Considering whether the process you want to study is characterized by change or not requires you to think about the temporal lens of your study. For instance, it depends on the time span of your study: When you observe a process for a long period, it is likely that there will be some changes in the parameters that govern the process. But change may also become visible when you zoom in rather than out: When you increase the granularity of your temporal lens, you may start to see change where there seemed to be no change before. Hence, to answer this first question of the Model Navigator, you have to theorize about the temporal design and its consequences.

If you indicate that the process you are interested in involves no change, the Model Navigator will restrict the selection of models to models that are stationary and have time-invariant parameters. If, instead, you indicate in the Model Navigator that the process you are interested in is characterized by change, there are two follow-up questions that you will have to consider.

3.2 Questions 2: Is change sudden or smooth?

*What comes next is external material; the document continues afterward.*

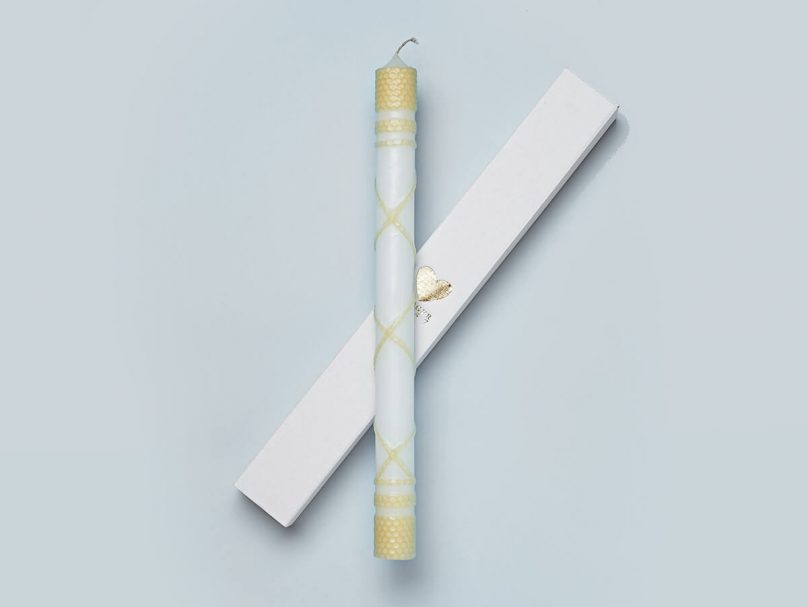 Die Taufkerze ist das Symbol der Geburt und eine immerwährende Erinnerung an die heilige Taufe. Sie ist handgefertigt aus natürlichem Bienenwachs, das in einem einzigartigen Verfahren natürlich an der Sonne gebleicht wird. Die Taufkerze versehen wir gerne mit einer Aufschrift entsprechend Ihrem persönlichen Wunsch.

When the process you are interested in is characterized by change, the next aspect to consider is whether this change is happening suddenly at a certain point in time, or whether it is occurring more smoothly over a longer period. Sometimes, it is quite easy to see that a model is characterized by sudden change. For instance, when you plot the observations over time, you may see a sudden change in the level or the slope of the underlying trajectory. At other times, it may be more difficult to see, especially when the change concerns the variability or the dynamics of the process. Other plots may be helpful in these situations.

But it is also important to realize that there are models in which the parameters change suddenly, but this change manifests as relatively smooth change in the observed process. This is especially common when the model contains autoregression. For instance, when there is a sudden change in the intercept of an AR(1) model, this will change the long-run equilibrium value of the process, but it tends to take some time to transition from the old equilibrium to reach the new one.

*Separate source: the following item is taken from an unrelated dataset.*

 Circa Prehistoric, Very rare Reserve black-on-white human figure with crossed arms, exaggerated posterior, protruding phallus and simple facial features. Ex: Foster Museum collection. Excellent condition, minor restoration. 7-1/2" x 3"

This phenomenon is discussed in more detail in the article about the autoregressive model and regime switching. Examples of models in which the underlying sudden change shows up as smooth transitions in the observed series are presented in the articles about the autoregressive moving-average model with exogenous inputs, known as the ARMAX model, the MS-AR model, the TAR model, and the interrupted time series model.

Whether changes show up as sudden or smooth may also depend on the temporal lens you adopt in your study. Changes may seem sudden when you have observations that are not very frequent or dense. But if you increase the granularity of the study, you obtain more detail about the transition from one equilibrium to another.

In sum, it may be challenging to decide whether you think a process is characterized by sudden or smooth change, especially when it concerns the dynamics or variability, and when sudden changes in the underlying process do not necessarily translate into clear sudden changes in the observable process. If you are uncertain, it is advisable to consider both options and thus continue with both sudden and smooth change in the Model Navigator to see what models are available within these different categories.

3.3 Question 3: Is change lasting or reversible?

Another question that is relevant when you have indicated that the process you are interested in is characterized by change, is whether change is lasting or reversible. Developmental processes tend to be characterized by changes that persist over time, whether these are sudden (as in a phase transition), or smooth (as in a cumulative acquisition of a skill). In contrast, regulatory processes tend to be characterized by changes that are transient, whether these are sudden (as in switches between different contexts a person is in), or smooth (as in fluctuations in one’s body temperature reflecting the circadian rhythm).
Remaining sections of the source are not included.